[AIM OF THE EXERCISE]:
In the data below, find the line containing "В Московском зоопарке"; transcribe it and each line after it exactly, through the last, skipping pictures.

[SOURCE DATA]:
□ □ □

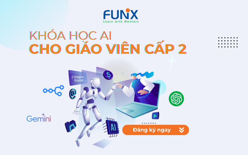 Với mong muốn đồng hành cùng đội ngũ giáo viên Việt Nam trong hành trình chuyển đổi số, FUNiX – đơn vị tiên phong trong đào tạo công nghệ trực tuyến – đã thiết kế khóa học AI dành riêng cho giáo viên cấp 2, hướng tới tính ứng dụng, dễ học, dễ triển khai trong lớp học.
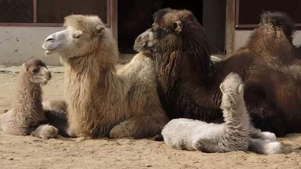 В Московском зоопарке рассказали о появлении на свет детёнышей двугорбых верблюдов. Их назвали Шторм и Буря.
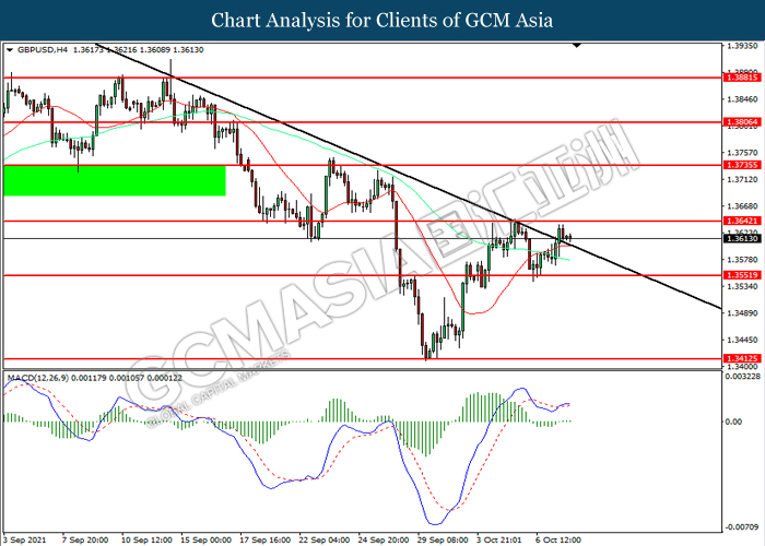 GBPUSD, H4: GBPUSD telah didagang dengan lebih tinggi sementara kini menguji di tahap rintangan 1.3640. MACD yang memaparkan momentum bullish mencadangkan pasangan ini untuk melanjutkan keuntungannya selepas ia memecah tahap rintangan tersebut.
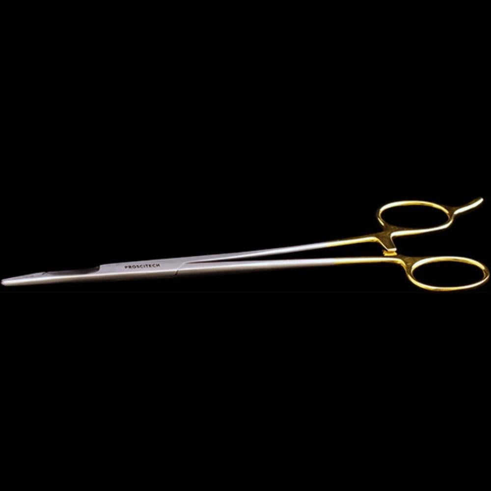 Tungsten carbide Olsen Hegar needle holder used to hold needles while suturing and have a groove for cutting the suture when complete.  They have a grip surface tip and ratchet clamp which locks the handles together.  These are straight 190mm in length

□ □ □

[EXERCISE ANSWER]:
 В Московском зоопарке рассказали о появлении на свет детёнышей двугорбых верблюдов. Их назвали Шторм и Буря.
 GBPUSD, H4: GBPUSD telah didagang dengan lebih tinggi sementara kini menguji di tahap rintangan 1.3640. MACD yang memaparkan momentum bullish mencadangkan pasangan ini untuk melanjutkan keuntungannya selepas ia memecah tahap rintangan tersebut.
 Tungsten carbide Olsen Hegar needle holder used to hold needles while suturing and have a groove for cutting the suture when complete.  They have a grip surface tip and ratchet clamp which locks the handles together.  These are straight 190mm in length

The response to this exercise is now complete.